With its chorus “this is what God feel like”, “GOD” the song can’t help but feel like it’s equating divinity to the sound of modern-day hip-hop — basking in the groove, in the feel of the track (produced by Ricci Riera). It’s easy to get caught up in Lamar’s dexterous, dense rhymes, but the music throughout DAMN. is glorious, stunning. Steered by his constant collaborators (Soundwave, DJ Dahi, Tiffith) and by some of the sharpest and most interesting hip-hop producers of the day (Mike WILL Made-It, the Alchemist, 9th Wonder), the music feels focused and ambitious, with sounds to match every emotion and idea Lamar tackles.
The density of his raps is balanced well by the music. The tracks keep up with his tonal shifts. It’s his first album to have this many songs that sounds like HITS, from the first two singles (“HUMBLE”, “DNA”) to the impeccable Rihanna duet “LOYALTY” and the gorgeous “LOVE”.
All of Kendrick Lamar’s albums were put together with the album format in mind. DAMN. feels set up like a classic hip-hop album. And along with its strange little samples, backwards vocals and other mysteries, there are scattered references to and emulations of hip-hop from the present and past. And there’s Kid Capri…

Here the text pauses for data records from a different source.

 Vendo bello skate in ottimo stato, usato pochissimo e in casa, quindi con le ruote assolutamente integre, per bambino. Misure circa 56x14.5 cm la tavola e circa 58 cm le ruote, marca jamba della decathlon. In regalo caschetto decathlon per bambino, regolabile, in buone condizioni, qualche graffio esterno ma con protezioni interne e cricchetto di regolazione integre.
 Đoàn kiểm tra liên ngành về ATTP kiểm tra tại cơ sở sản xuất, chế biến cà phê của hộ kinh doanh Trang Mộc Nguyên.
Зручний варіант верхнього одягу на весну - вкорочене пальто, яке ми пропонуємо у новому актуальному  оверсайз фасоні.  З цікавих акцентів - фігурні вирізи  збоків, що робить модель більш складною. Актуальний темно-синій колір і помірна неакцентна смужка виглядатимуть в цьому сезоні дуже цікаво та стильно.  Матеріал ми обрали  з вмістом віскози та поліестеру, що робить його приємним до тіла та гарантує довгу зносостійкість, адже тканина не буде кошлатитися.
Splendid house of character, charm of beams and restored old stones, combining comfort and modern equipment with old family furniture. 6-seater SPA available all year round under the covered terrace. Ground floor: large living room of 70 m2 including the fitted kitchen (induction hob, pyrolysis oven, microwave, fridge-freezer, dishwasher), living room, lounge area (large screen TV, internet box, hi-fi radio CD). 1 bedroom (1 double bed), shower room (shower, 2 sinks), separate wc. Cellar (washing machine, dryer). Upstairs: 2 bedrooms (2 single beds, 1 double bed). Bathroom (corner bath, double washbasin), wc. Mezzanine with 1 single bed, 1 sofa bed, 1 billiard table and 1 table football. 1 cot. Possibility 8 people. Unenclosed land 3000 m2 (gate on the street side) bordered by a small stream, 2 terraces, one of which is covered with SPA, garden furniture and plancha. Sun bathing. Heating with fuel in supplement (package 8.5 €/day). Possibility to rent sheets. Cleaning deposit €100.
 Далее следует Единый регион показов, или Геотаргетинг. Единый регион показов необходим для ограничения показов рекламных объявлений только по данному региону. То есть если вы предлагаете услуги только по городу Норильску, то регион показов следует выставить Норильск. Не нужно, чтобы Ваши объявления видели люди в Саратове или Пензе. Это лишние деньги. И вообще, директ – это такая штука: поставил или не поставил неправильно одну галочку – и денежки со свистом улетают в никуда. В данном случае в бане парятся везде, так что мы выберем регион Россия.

The emotional power of Kid Capri’s voice, for hip-hop fans, is immense the moment we first hear it on DAMN., at the start of the third track “YAH”. His voice carries the weight of history and the music’s legacy. All of a sudden there he is, like he was dropped in from an early ‘90s mixtape — “New shit! New Kung Fu Kenny!” It happens so quickly, we stop and say “what? Damn.”
And from time to time there he is again, the hypeman now also echoing Kendrick’s thoughts: “Ain’t nobody praying for me…Y’all know what happens on Earth stays on Earth!” Kid Capri’s inclusion within DAMN. is a small, brilliant thing which resonates deeply in many directions — within an album that resembles a focused collection of small, brilliant things.